The current economic downturn follows what is, perhaps, one of the country’s longest economic expansions. 

But the expansion was not uniform in all parts of the country. In past analyses, we showed that the Great Recession of 2008 had significant impacts on rural economies. Among those changes: a shift in many regions away from heavy blue collar jobs and toward service occupations

And now, three new recession impact models from Powerlytics show that some areas of the country may be less able to withstand economic shocks, and are more likely to suffer long-term consequences as a result of downturns. 

Interested in seeing how the current recession may impact your area? Try our Recession Impact Score and Recession Recovery Score demo.

The Powerlytics Recession Impact, Short-Term Recession, and Long-Term Recession scores are tools to help banks and other financial services providers understand which customers and which areas within a business will be impacted by a recession.
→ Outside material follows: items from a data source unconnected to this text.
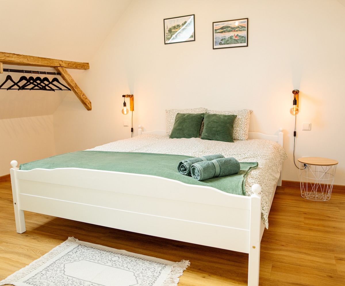O oază de pace în care fiecare detaliu reflectă dragostea pentru viața de familie. Refugiul tău în satul pitoresc Dyje, aproape de istoricul Znojmo, aproape de satele viticole, Podyjí și râul Dyje. Pat dublu confortabil 180x200cm cu o saltea de calitate, un pat suplimentar și un pătuț. O casă complet echipată, cu o curte pavată frumoasă, gata pentru mici și mari. Și întotdeauna ceva în plus, vin și o pivniță de degustare, un tort și chiar ouă de casă și marmeladă. Poți găsi mai multe pe FB și IG @horavindyje.
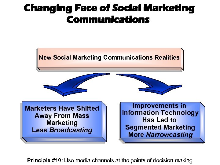 Changing Face of Social Marketing Communications New Social Marketing Communications Realities Marketers Have Shifted Away From Mass Marketing Less Broadcasting Improvements in Information Technology Has Led to Segmented Marketing More Narrowcasting Principle #10: Use media channels at the points of decision making
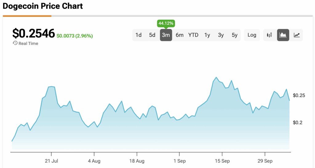 이 글을 쓰는 시점에서 도지코인은 0.2546달러에 거래되고 있다.
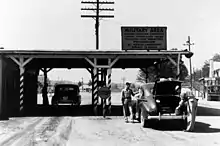 When the federal government evaluated sites for the Manhattan Project facilities that ultimately were sited at Oak Ridge, the Oak Ridge site was described in internal memos as "near Elza."[3] During World War II, Elza was the site of one of the security gates on the borders of the then-closed city of Oak Ridge. Located on the road from Clinton to Oak Ridge, the Elza gate was "the busiest and most public" of Oak Ridge's entrance gates.[1] When the Oak Ridge townsite was first opened to outsiders in 1949, the gate-opening ceremony was conducted at the Elza gate.[1]
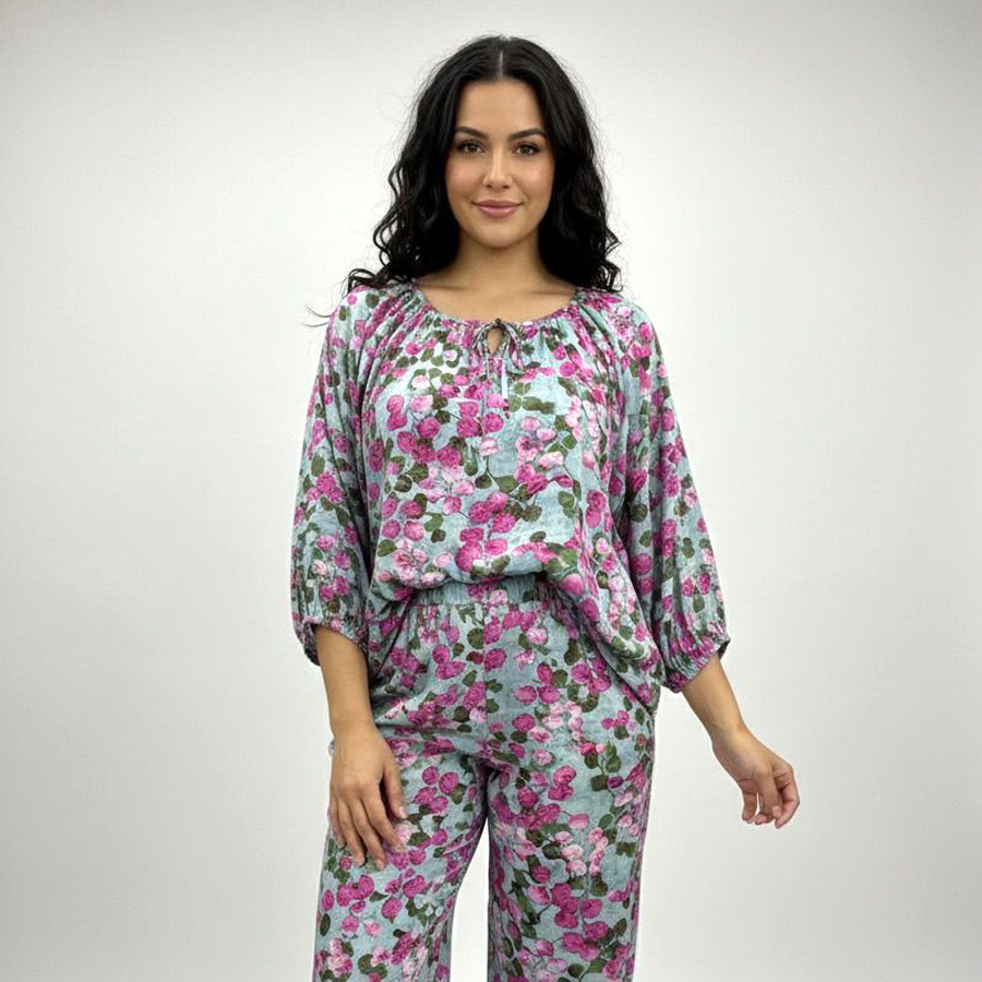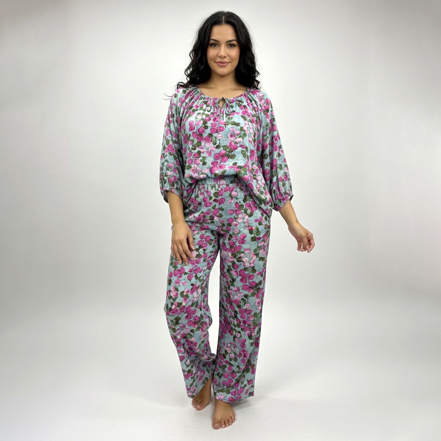Floral Leaves Ladies Linen Pajama Loungewear – Sky Blue

We recently put all three models to the test with a client data set of credit cards, auto financing, and other unsecured consumer loans.

In our model, a high score (90-100) indicates that an area has been hard hit by a recession. What we found for all models was an extremely high correlation between geographic areas that had high recession scores and high loan default rates in the two years leading up to the 2020 downturn. For the Recession Impact and Short-Term Recession Recovery scores we found the 10% of zip codes that were most severely impacted by the 2008 recession had a charge-off rate 2,600% higher than the 10% of areas that ranked among the least severely impacted. 
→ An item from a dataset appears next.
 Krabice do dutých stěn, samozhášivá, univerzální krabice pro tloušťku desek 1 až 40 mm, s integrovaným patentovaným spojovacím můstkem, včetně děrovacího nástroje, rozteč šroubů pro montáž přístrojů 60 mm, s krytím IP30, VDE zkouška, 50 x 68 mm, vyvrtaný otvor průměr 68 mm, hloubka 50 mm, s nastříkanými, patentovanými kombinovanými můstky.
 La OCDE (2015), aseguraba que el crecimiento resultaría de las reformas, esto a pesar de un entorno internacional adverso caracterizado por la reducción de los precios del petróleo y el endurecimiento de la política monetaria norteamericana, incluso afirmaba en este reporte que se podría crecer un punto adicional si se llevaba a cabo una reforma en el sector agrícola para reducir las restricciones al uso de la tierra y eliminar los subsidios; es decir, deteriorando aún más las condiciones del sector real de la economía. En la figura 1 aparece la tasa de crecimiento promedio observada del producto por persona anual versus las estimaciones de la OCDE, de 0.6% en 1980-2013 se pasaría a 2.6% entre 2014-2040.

Fig. 1 The Recession Impact scores for borrowers in the 10% of zip codes that were most severely impacted by the 2008 recession had a charge-off rate 2,600 times higher than the 10% of areas that ranked among the least severely impacted (48.75% vs. 1.76%). 

Fig. 2 The Short-Term Recession Recovery scores in the areas that fell in the top 10% of the most severely impacted had a charge-off rate 2,600% higher than the 10% of areas that ranked among the least severely impacted (48.8% vs. 1.78%).
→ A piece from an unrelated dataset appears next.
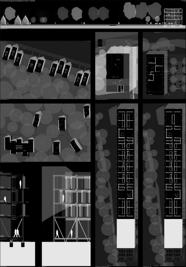 die luftgeschosse werden mit einem sichtbetonstützenraster mit unterzugsfachwerk konzipiert, auf welchem der dreigeschossige hotelbaukörper als holzbau aufgelegt ist, der mit einem vorbewitterten holzstabwerk ummantelt wird.
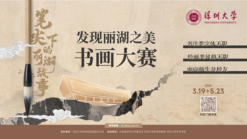 深圳大学丽湖校区占地面积1.38平方公里,位于深圳市南山区西丽国际科教城片区,北临阳台山,南接塘朗山,大沙河穿校园而过,依山傍水,环境优美,万物生光辉。1.7万余名师生徜徉其中,四季更迭皆是景,丽园生活住满情,情感文中抒,风景画里藏,值此春日盎然时节为契机,举办“笔尖下的丽湖故事”书画大赛,面向师生、校友征集主题书法和绘画作品。

When it came to Long-Term Recession Recovery scores, the 10% of areas ranked as most severely impacted areas had a charge-off rate more 1,600% higher than the least severely impacted areas.

Fig. 3 The Long-Term Recession Recovery scores in the areas that fell in the top 10% of the most severely impacted had a charge-off rate 1,600% higher than the 10% of areas that ranked among the least severely impacted (40.47% vs. 2.28%). 

While troubled loans in areas where the effects of the recession were particularly bad made up just a small fraction of the lender’s portfolio, the defaults in that area had an outsize effect. Areas hit hard by the 2008 pandemic continued to see high rates of default 10 years later, proving that the effects of a recession seem to be fairly long lasting for some geographies. 

These tools, and the insight they bring, can inform the way lenders devote resources at the whiff of a downturn. Whether they are used to accelerate loan approvals in areas that are capable of withstanding downturns, or offer assistance to those most in need, these Recession Impact scores can be used within lenders portfolios to more accurately estimate reserves for charge-offs to account for any additional risk brought on by a down economy.